This means some writes were lost to the device, and it's usually a fatal error.

 

 

There are still frequent ATA errors on that device, as warned above link resets can lead to lost writes and fs corruption.

 

Jul  2 12:18:42 mitchsserver kernel: ata5.00: exception Emask 0x50 SAct 0x1000000 SErr 0x30802 action 0xe frozen
Jul  2 12:18:42 mitchsserver kernel: ata5.00: irq_stat 0x00400000, PHY RDY changed
Jul  2 12:18:42 mitchsserver kernel: ata5: SError: { RecovComm HostInt PHYRdyChg PHYInt }
Jul  2 12:18:42 mitchsserver kernel: ata5.00: failed command: READ FPDMA QUEUED
Jul  2 12:18:42 mitchsserver kernel: ata5.00: cmd 60/08:c0:40:10:00/00:00:00:00:00/40 tag 24 ncq dma 4096 in
Jul  2 12:18:42 mitchsserver kernel:         res 40/00:c4:40:10:00/00:00:00:00:00/40 Emask 0x50 (ATA bus error)
Jul  2 12:18:42 mitchsserver kernel: ata5.00: status: { DRDY }
Jul  2 12:18:42 mitchsserver kernel: ata5: hard resetting link

 

Link to comment

@JorgeB

so does that mean its un mountable?  as the commands to for a mount in read only does nothing...

 

does it say  from that ata info    if its the hard drive? it passes smart ..    is it cuz im running btrfs?  

 

what link resets  can lead to lost writes..

 

 

so whats common issue?  those errors..  can it be unraid  memory problem..  is it say   "ata5"   cable number 5?  although its a 4 bay hotswap.. maybe backplain?

 

i guess i should have taken a sys log before i rebooted... it was up for 12 days...  would been better?  is it better to switch to XFS  or would this happen to XFS  or switch to NTFS  as just a download pool drive as i learned from the discord...  that you unraid recommends using  XFS for a single drive not the BTRFS  they default.. something with errors btrfs  causes for cache pools. i dunno 😞

 

maybe time to replace the 4 bay server maybe?

Edited by comet424
Link to comment
7 minutes ago, comet424 said:

as the commands to for a mount in read only does nothing...
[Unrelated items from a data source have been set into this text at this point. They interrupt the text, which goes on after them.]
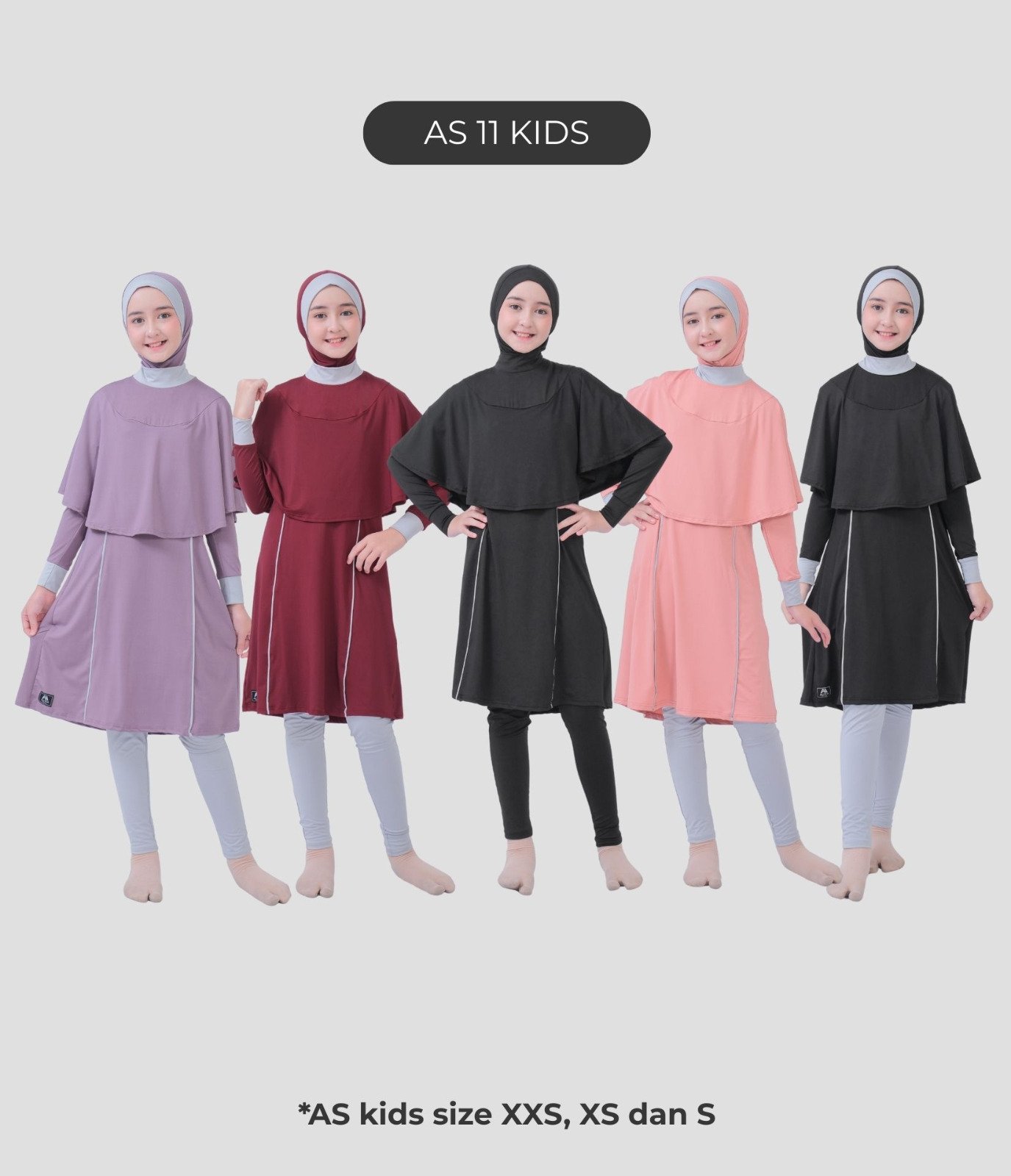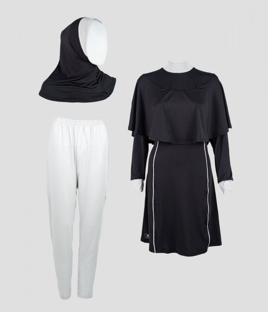 - Terdiri dari hijab yang dijahit menyatu dengan vest, baju renang yang menyatu dengan rok, dilengkapi dengan celana pendek/short pants dibagian dalam rok dan celana renang.
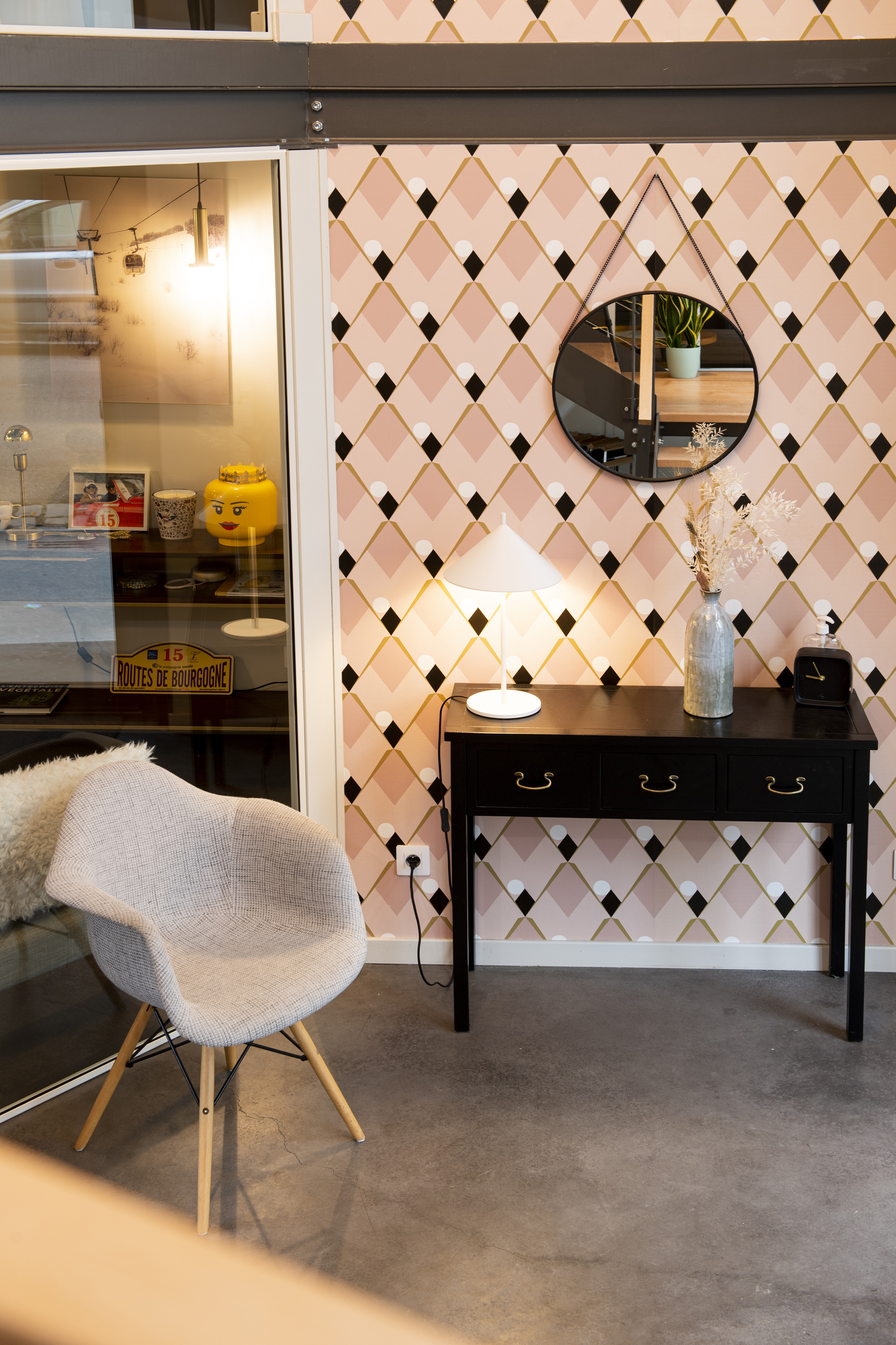 Sur l’ensemble des 170 m2, répartis sur deux niveaux, on découvre des pièces ayant chacune leur personnalité, leur univers et qui mixent avec goût mobilier chiné ­– meubles, miroirs anciens, chaises d’école, appliques et luminaires ou encore bibelots – et mobilier ergonomique et acoustique pour assurer un confort de travail au quotidien. A l’image de nos intérieurs, l’ambiance créée est le reflet de son occupant : Esprit « boudoir » pour Agathe, et « vintage arty » pour Emilie.
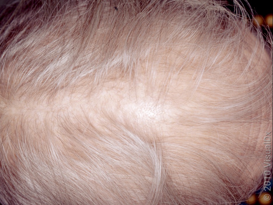 The hair thins at the top of the scalp (the crown) and doesn’t involve the front hairline.
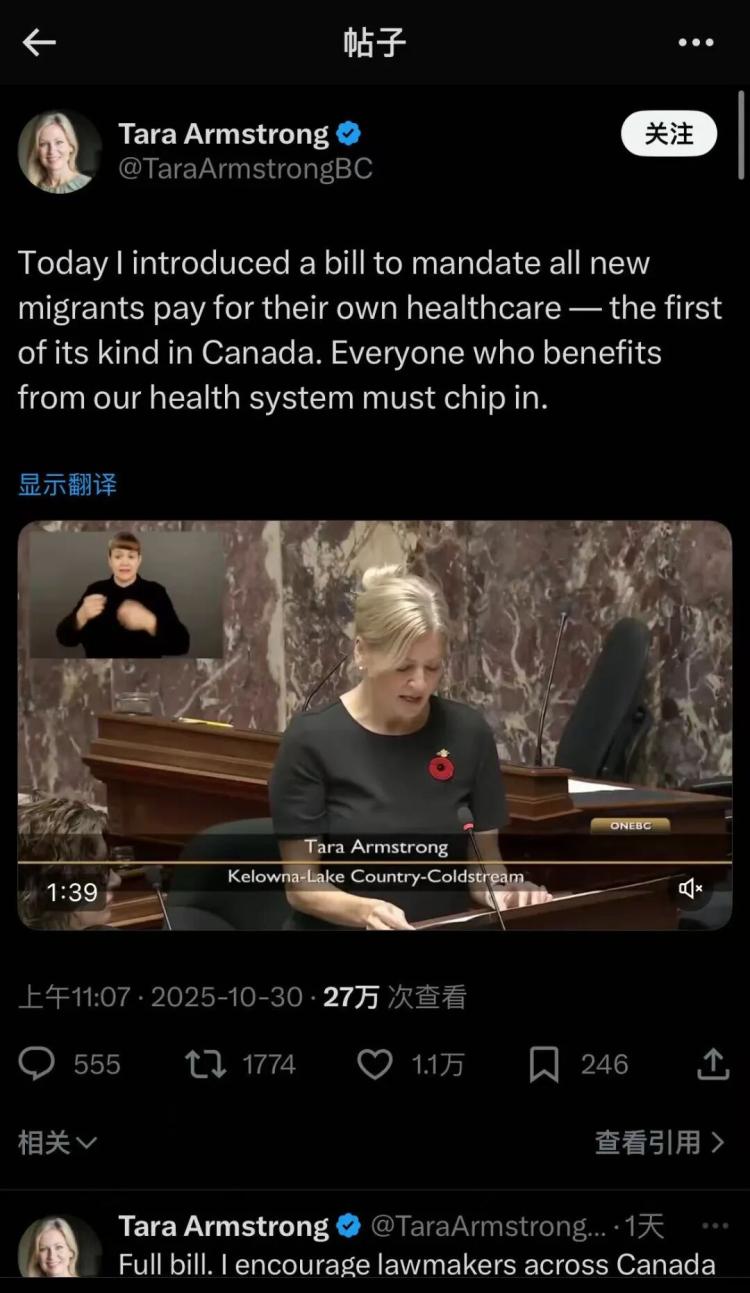Tara Armstrong的提案,是加拿大政坛首次把“新移民医疗自费”正式写进议会记录的案例。
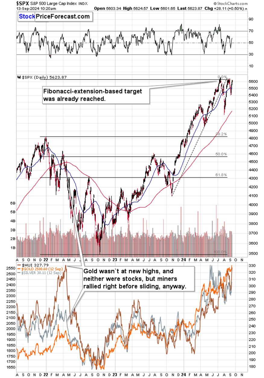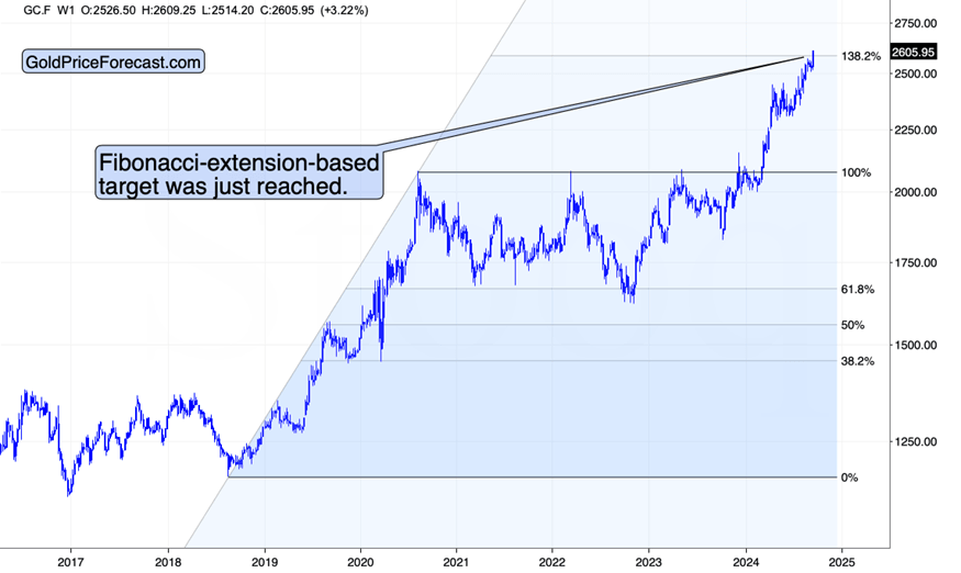 On a more long-term chart, we see that based on gold’s most recent upswing, it reached it’s Fibonacci-extension-based target, which means that perhaps what was likely happen based on this technique, has already happened.

Like mentioned it's fatal, you can use btrfs restore to try and recover some data but the fs will need to be destroyed and re-created.

 

8 minutes ago, comet424 said:

does it say  from that ata info    if its the hard drive? it passes smart ..    is it cuz im running btrfs?  

 

what link resets  can lead to lost writes..

Those ATA errors a usually a power/connection problem, and they are not caused by btrfs, but because btrfs is COW if writes barriers are not being honored and some writes are lost it's a big problem.

 

10 minutes ago, comet424 said:

is it say   "ata5"   cable number 5? 

ATA5 is the WD 2TB disk.

 

The correct fix would be to get rid of those errors, but if you cannot switch to a more forgiving filesystem.

Link to comment

ah  ok ya that restore doesnt work  least it doesnt work now  i rebooted again and says

er:~# mount -o degraded,rescue=all,ro /dev/sde1 /mnt/user/restore
mount: /mnt/user/restore: wrong fs type, bad option, bad superblock on /dev/sde1, missing codepage or helper program, or other error.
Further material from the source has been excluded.